International Farmland Deals: Landgrab or Markets at Work?

Farmer in Mount Kenya

David Cleary is a strategy director, agriculture at The Nature Conservancy.

A suggestive juxtaposition happened a few days ago: on the same day that G20 agriculture ministers agreed to collaborate on standardizing information on agriculture and coordinate agricultural research, Oxfam released a report on “landgrabbing,” the buying up of agricultural land by foreign investors in places like Africa, often to the detriment of local small farmers.

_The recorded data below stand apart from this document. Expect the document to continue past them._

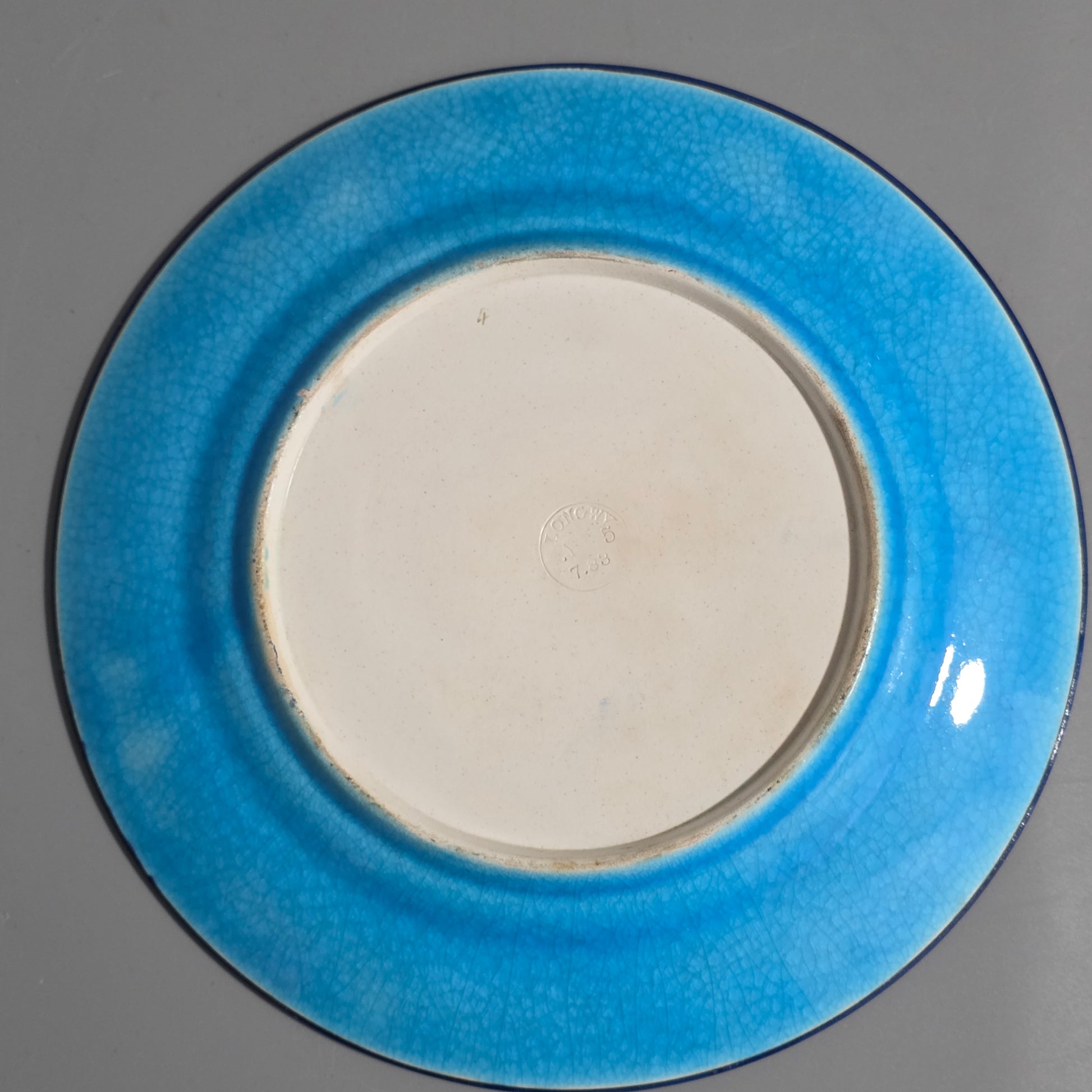 The plate displays rich, vibrant enamels, with no visible cracks or chips and only light surface marks commensurate with age and use. It measures 20.3 cm in diameter and is further enhanced by a deep turquoise-blue border on the underside, adding to its visual appeal.
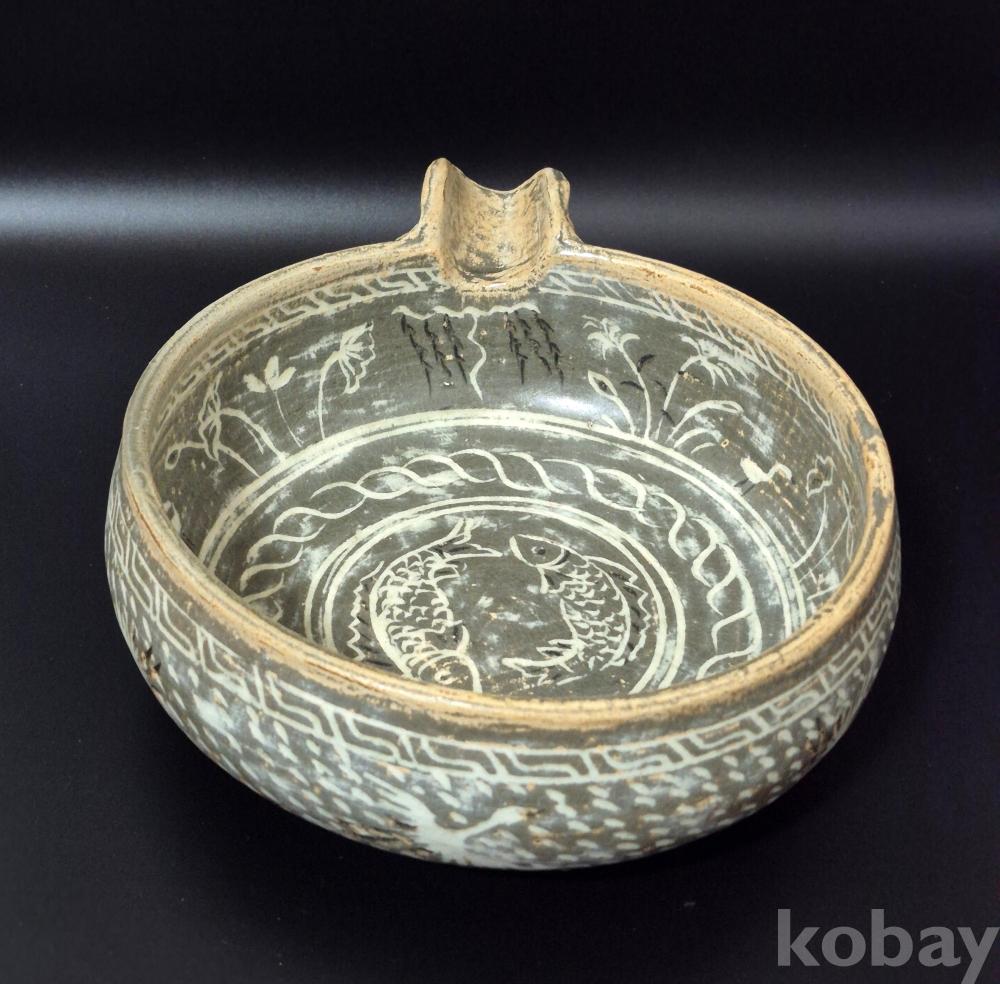 일반적으로 분청자는 조선 초에 많이 만들어 졌으며, 이 기물도 태토를 보면 고려청자의 태토와 색깔이 같아서, 어쩌면 고려말 기물이 아닌가 생각되기도 합니다.
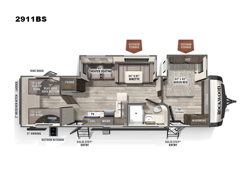 Measuring approximately 29 feet in length, the Rockwood Ultra Lite 2911BS is expertly crafted to balance size and maneuverability. Its lightweight design, weighing just 3,453 kilograms, makes it easy to tow without compromising on durability or stability. The thoughtful layout includes a cozy master bedroom, a convertible dinette, and a comfortable sofa bed, making it ideal for both short getaways and extended trips.
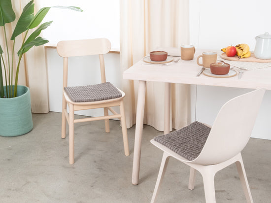 Quadratische, graue Sitzauflage aus reiner Schurwolle.
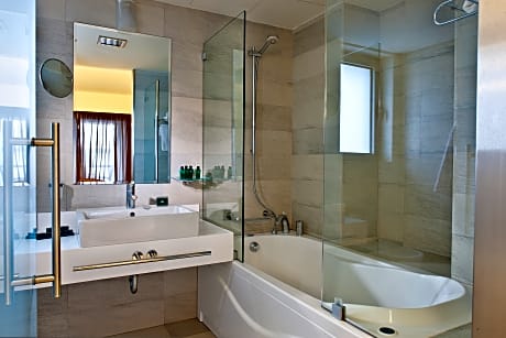 Located directly opposite the Olympic Stadium Athens (OAKA), this 4-star hotel offers an indoor parking area, a stylish restaurant, and soundproof rooms with free Wi-Fi and 22-inch flat-screen TV. The modern guest rooms of the Civitel Olympic are spacious and feature a comfortable bed and modern bathroom with bathtub, KORRES bathroom amenities and hairdryer. Free pillow menu, a laptop-size safe, tea/coffee maker and a free fully stocked mini-bar are provided. Civitel’s International-cuisine restaurant serves American buffet breakfast, lunch and dinner a la carte. At noon guests may enjoy a light lunch with toasted sandwiches and delicious snacks. Drinks are served at the hotel’s bar. Civitel Olympic is across the Helexpo Palace Exhibition & Conference Center. Featuring its own 250-person-capacity multipurpose rooftop room, the hotel can host meetings and congresses on site. Athens’ largest shopping centers are close by. The Olympic Civitel is just 5 minutes’ walk from the Kifisias Suburban railway station. The center of Athens is 5 mi away and the hotel enjoys direct proximity to Attiki Odos.
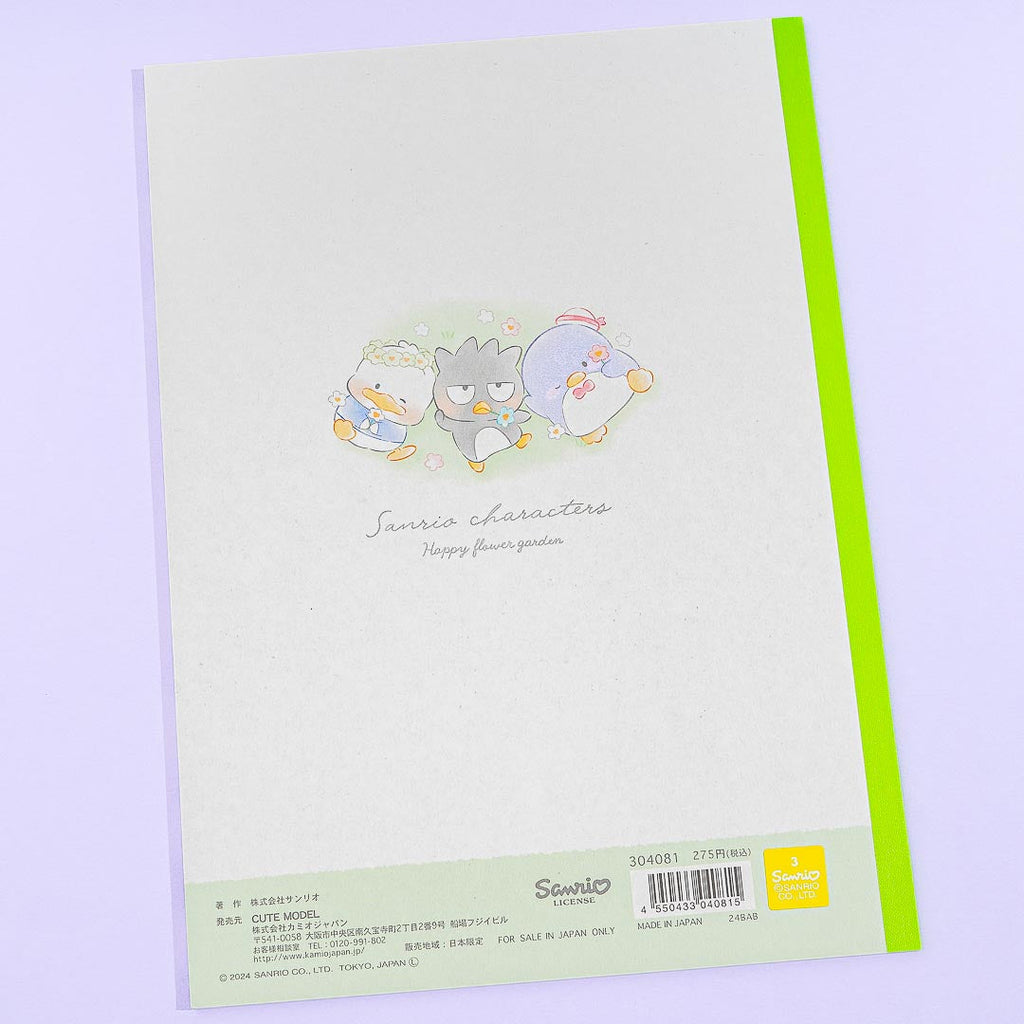 Write journal entries on the lined sheets of this super cute B5 cross notebook. It features prints of Sanrio characters rolling around in a field of flowers! This loose notebook is also perfect for writing short stories.
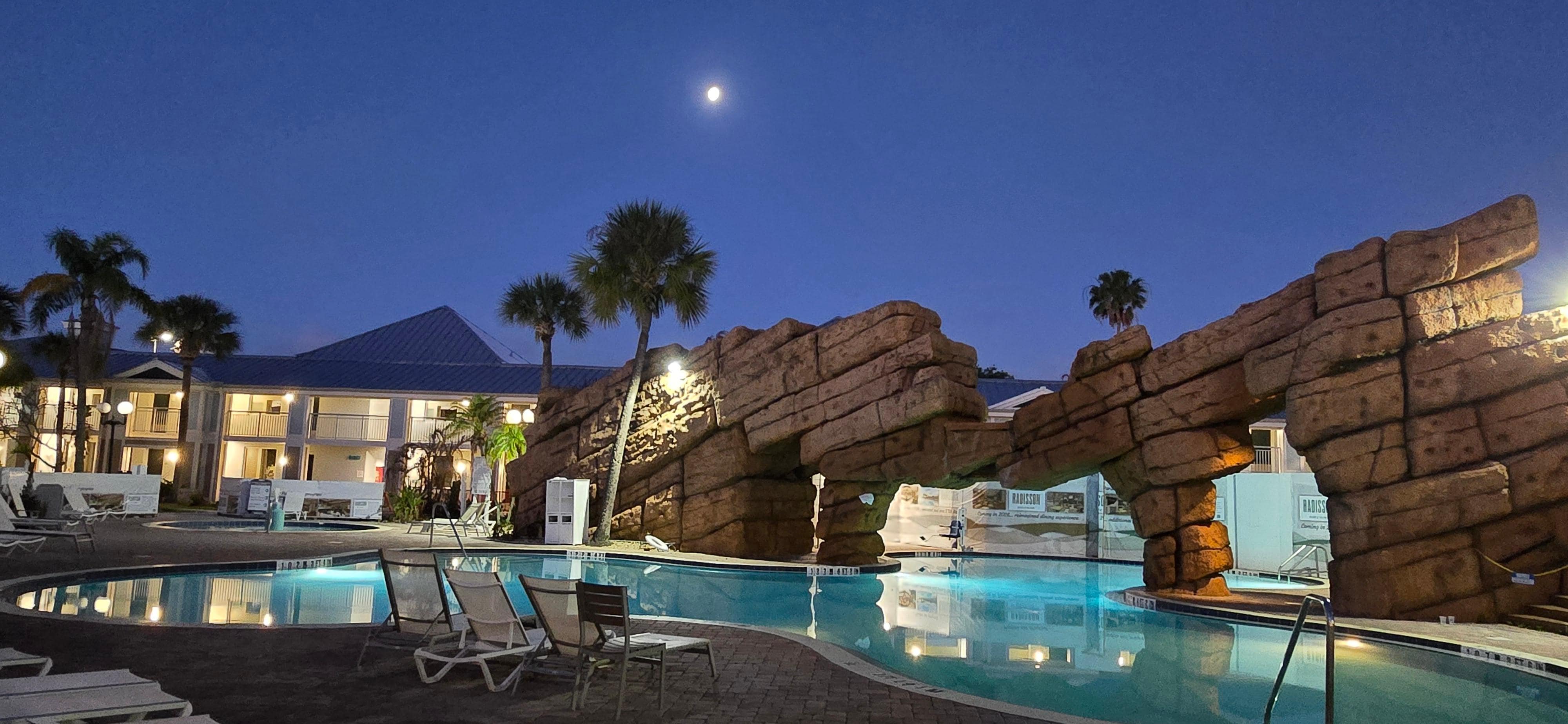 It was the perfect location near my nieces home for our mini family gathering. The kids LOVED the pool (and the quesadillas) & the adults enjoyed the Tiki Bar and relaxing too! The staff was wonderful & rooms were comfy & roomy for families of 4. Bathrooms were small, but was really nice to have separate Bedroom & Sofa/Tv/Kitchenette area w/refrigerator/microwave etc. Perfect for what we needed! Bonus: we got to see Artemis ll launch!

We could really do with the G20 agriculture ministries paying some attention to this issue, since this is one area where reliable statistics and numerical overviews are very hard to come by.

So full marks to Oxfam for doing as much as can probably be done from public sources in pulling together information on this topic (although some of the numerical claims, like the idea that an area twice the size of western Europe has been bought up since 2000, mostly in the last two years, seem tendentious and the cited evidence for it is unpublished).

The cases of irresponsible investing documented in places like Uganda and Guatemala seem to give substance to accusations that an unholy alliance of western hedge funds, Middle East oil powers and Chinese enterprises are buying up land in vulnerable countries, booting out the local inhabitants and turning to large-scale commercial farming, with dubious environmental and social consequences.

But things are more complicated than that.

Irresponsible investing that has led to what can fairly be termed landgrabbing has happened on some scale in some countries in sub-Saharan Africa and Central America. There’s equally no doubt, however, that this is a governance issue, rather than an agricultural one. There’s a danger that looking at investment in land as landgrabbing will have perverse consequences. In a world that needs to double food production by 2050, it would be a very dumb move to impose controls on investments that would make the improvement of agricultural land more difficult.

Throwing out the baby with the bathwater in this way will make it more difficult to address the governance issues around investment, in agriculture and everything else, that lie at the heart of this problem.

It’s important to remember that not every country where foreign investors are buying land has weak governance, even in sub-Saharan Africa, and that where governance is adequate a very important role is played by companies and investors that buy land to improve it, reselling it at a profit or running new farming operations on it themselves.

For example, Adecoagro, a company The Nature Conservancy works with in Brazil and Argentina, has for years bought large areas of ranchland, and improved them to the point where the fairly unproductive pasture it was before is converted to cropland. As local laws demand, Adecoagro also restores areas of natural habitat and creates biological corridors. Much of this restoration takes place in savanna and tropical forest habitats that are extremely strategic for biodiversity.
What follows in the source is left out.